You may also like...

28 Responses

  1. Nathan Priddis says:

    I’ve listened to portions of the CT Mars Hill series. There are an overwhelming number of issues when viewed in hindsight.

    I’m happy CT is delving into MH, but feel CT is avoiding major faucets of the MH years. CT has not come out and said they
    ( the primary Evangelical mouthpiece for over 5-6 decades ) was:
    A. deceived by a very theologically unsophisticated guy.
    B. 10-15 years since the MH glory years, have yet to completely work through the collapse of their discernment.

    Zeroing in to a more specific issue: The trailer soundtrack.

    Each episode features the same sound track of MD yelling….”who the hell to you think you are”? Yes, I’m confident this was scripted into that sermon. But, I hold to unorthodox thinking. I’m convinced MD’s sermon was either:

    A. influenced by a demonic spokesperson, comparable to the demoniac among the Gerderenes.
    Or B: a spokesperson was channeling through MD’s mouth, as occurred in various portions of Scripture.

    MD had a history of claiming to hear spiritual communications. Plus there was the Spiritual Warfare series content, nicknamed the Demon Sex Trials. Unless he lied about these encounters, he was summoning familiar spirits.

    The part that clinched the demon angle for me was his accusation to the male congregation members of being like…..”their father Adam”. And then it hit me. The speaker gave him/them selves away. They slipped up.

    Their father/s was/where not Adam. They are unclean spirits. Adam was declared dead the same day he partook of the fruit. An unknown number of years would pass before Adam would father his first son, a combination of body and soul, but not a true spirit like those spirits above.

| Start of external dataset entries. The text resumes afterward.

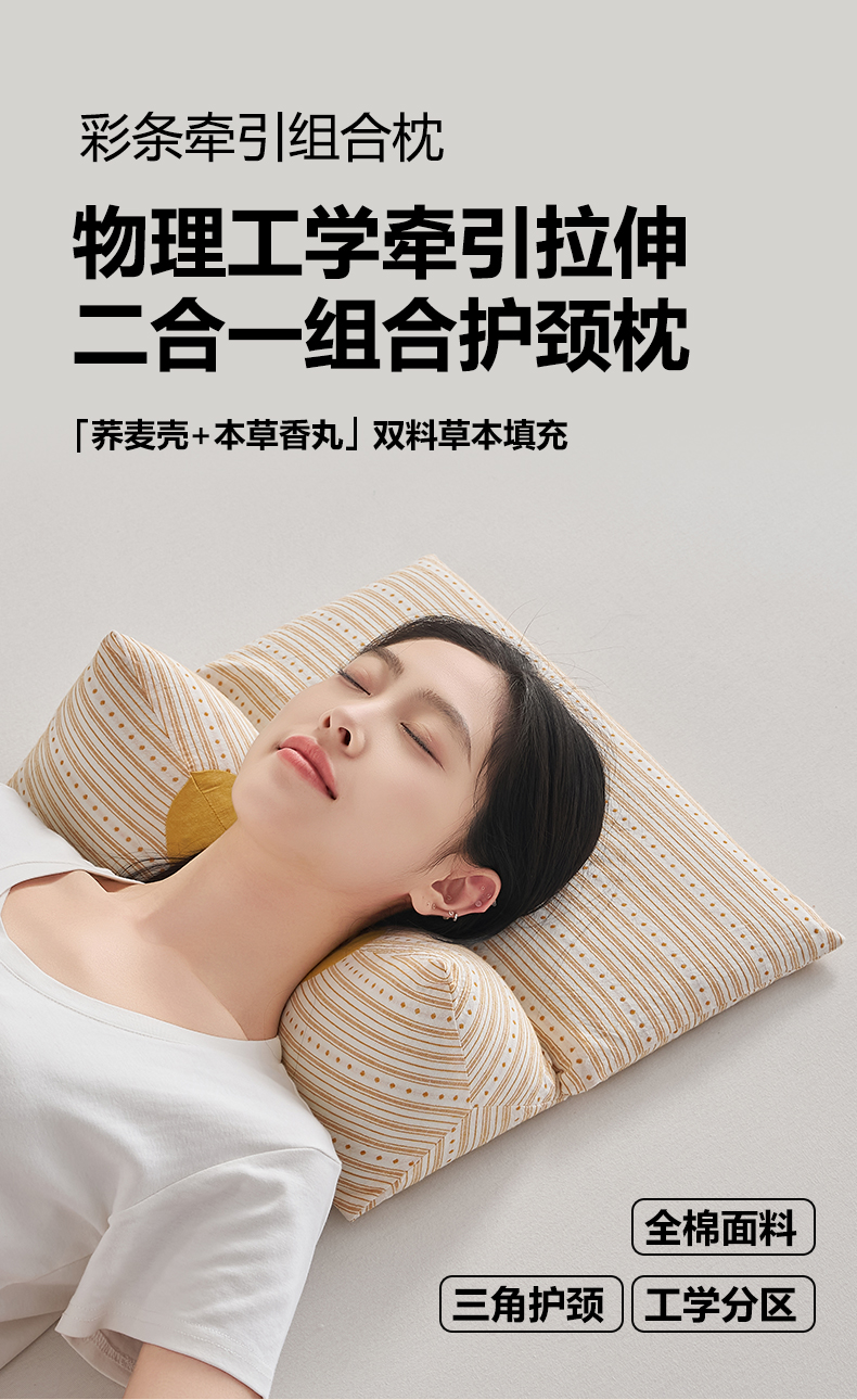 当前位置: 91家纺网 > 商品网购 > 枕头/枕芯/保健枕/颈椎枕 > 枕头枕芯 > 乐可 2026新款彩条牵引组合枕荞麦枕香丸枕枕头枕芯 彩条牵引组合枕-香丸款-棕
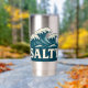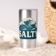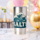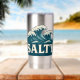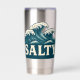 Giant whitecap waves roll toward the beach in this retro style coastal graphic. Cream vintage SALTY text makes a bold contrast against the teal blue ocean. Made for beach bums, surfers, sun seekers and anyone living on island time. This stainless steel tumbler is pure seaside vibes and ocean energy. Insulated to keep your drink as chill as you.
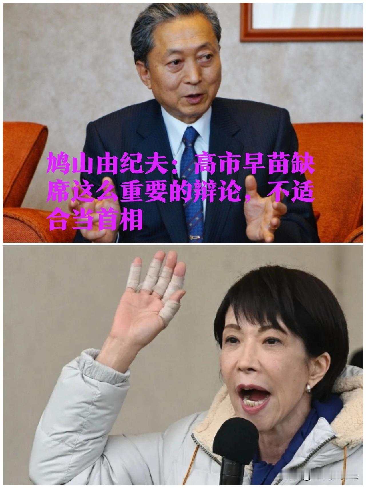 鸠山由纪夫:高市早苗缺席这么重要的辩论,不适合当首相 据外媒报道日本众议院选举倒计时,首相高市早苗却以受伤为由缺席了一种重要的辩论,日本前首相鸠山由纪夫称高市早苗不适合当首相。 鸠山由纪夫2月2日在社交媒体X上发文说:“毫无疑问,高市首相之所以没有出席NHK的‘周日辩论’,是为了避免因其对原统一教会、秘密资金和外汇特别委员会的言论而受到批评。既然她之后还外出出席了助选活动,如果她加快治疗,就应该能够参加辩论节目。我认为,回避这场对民众而言最重要的辩论的人,不适合担任首相。” 1月27日,日本首相高市早苗正式公布众议院选举日程:2月8日,日本选民将前往投票站,参与这场突如其来的提前大选。此次选举距上届仅过去1年3个月,从众议院解散到投票日仅16天,创下战后日本政治史上“最短间隔”的纪录。 分析认为,高市早苗试图借当前尚可的民意支持率,通过胜选打造稳固的执政基本盘,为长期掌权铺路。“我希望由日本民众直接决定,我是否应该继续担任首相。” 1月19日的记者会上,高市早苗宣称,“我将首相之位押在这场选举中。”4天后,众议院议长额贺福志郎宣读解散诏书,日本众议院正式解散。 2月1日上午,高市早苗突然取消了原定在NHK“周日辩论”节目中的亮相。自民党当时向节目组解释说,高市早苗在1月31日的竞选活动中手臂受伤,目前正在接受治疗。 辩论节目播出后,高市早苗在其X上发文说,“过去几天,我在竞选活动中与一些热情的支持者握手时,不小心拉伤了手,他们拉得太用力了。我患有类风湿性关节炎,手肿了起来。医务人员很快过来帮我涂药并包扎好。” 不过,高市早苗1日晚些时候在岐阜和爱知两地为自民党候选人发表的竞选演讲照常进行。她还向支持者展示了自己受伤的手。她解释道:“昨天握手的时候被用力拉了一下,关节受伤了。通过一些治疗后没什么问题了。” 高市的此次缺席辩论引发在野党方面强烈不满。令和新选组共同代表大石晃子表示,她原计划在节目中就涉原统一教会相关情况当面向高市提出质询,但因高市缺席未能实现,要求高市“在投票日前向国民作出说明”。 日本共产党委员长田村智子同日表示,自己在节目开始前约30分钟才得知高市将缺席,节目组也一度“陷入混乱”。她质疑称:“选举期间党首公开讨论机会本就有限,高市连讨论都不参加,还想让民众对她投下信任票吗?”
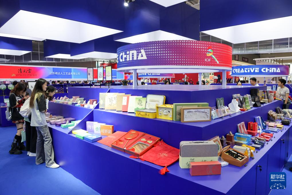 5月23日,人们在文博会“文创中国”展区选购文创产品。
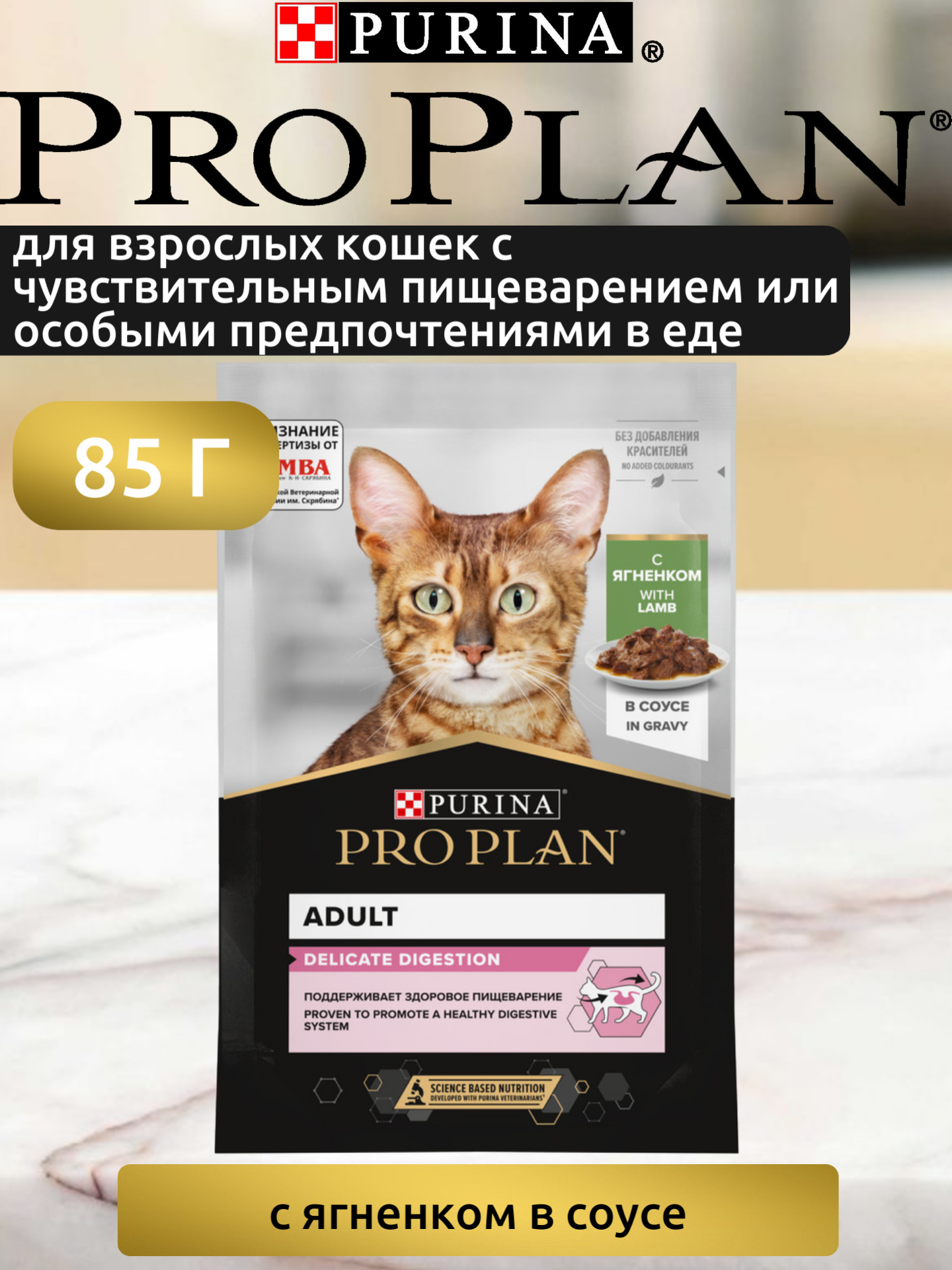 Влажный корм Pro Plan DELICATE для взрослых кошек с чувствительным пищеварением или особыми предпочтениями в еде, с ягненком в соусе, паучи, 85г.*12шт.
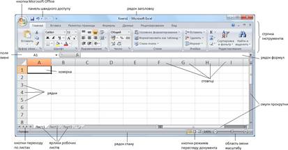 Рис. 1.1. Загальний вигляд вікна Microsoft Excel
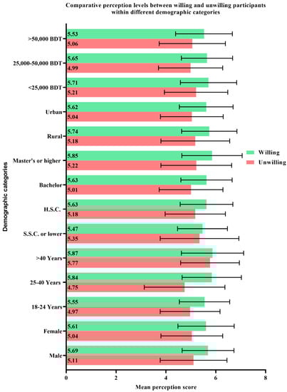 Comparative perception levels between willing and unwilling participants within different demographic categories expressed in terms of mean ± standard deviation.

    The voice was addressing mortals, but he/they are not mortal. It explains how the voice so easily manipulates the congregation. The unclean spirits are ancient, and the congregants would seem like children.

  2. Em says:

    Deceiving the elect? At what point and to what degree do the Redeemed bear responsibility for being deceived?
    Good ponder, Nathan…… good ponder……
    Pondering Em. 😇

  3. Linn says:

    I would go for ignorance of history. Not getting a vaccine could be an inconvenience, but it won’t deprive you of all your civil rights. Employers also (at least in my state of CA) are obligated to test those who don’t want a vaccine at no cost to them.

    As for Driscoll, I’ve never believed the church at large dealt with him soon enough. When I first became aware of him, my thoughts were all in exclamation points. He may have demon issues, butI think a lot of it is his over-sized ego. He’ll adjust theologically to what can give him the most power and influence over the gullible (the word I was really thinking of was stupid.).

  4. bob1 says:

    Whatever was behind the msn link about the Holocaust and not wearing a mask.

    That’s a very special kind of stupid.

  5. Dan from Georgia says:

    Here in GA, Majorie Taylor Greene has been spouting off that kind of crap repeatedly.

  6. Linn says:

    MTG is definitely a piece of work. I don’t know whether to question her intelligence or her sanity.

  7. bob1 says:

    Both and.

  8. WenatcheeTheHatchet says:

    Nathan, I think Cosper’s case that the “how dare you speech” was staged five services in a row and mugging for the camera seems plausible. As far as unclean spiritual influences goes … I dropped a 10k word supplement to ep 5 of The Rise and Fall of Mars Hill trawling through the stuff Cosper wasn’t willing to quote on air. There’s a question to be asked as to why Mark Driscoll wasn’t demonized on the basis of his own testimony about himself in comparison to his own for-the-record teaching on spiritual warfare.

    https://wenatcheethehatchet.blogspot.com/2021/07/supplemental-reading-for-those-who.html

    I had bailed by the time the “how dare you” stunt was pulled across five services. Cosper confirmed in ep 5 that it was the same script all five times in each recorded performance. He apparently was able to get access to audio or video or both of each of the services.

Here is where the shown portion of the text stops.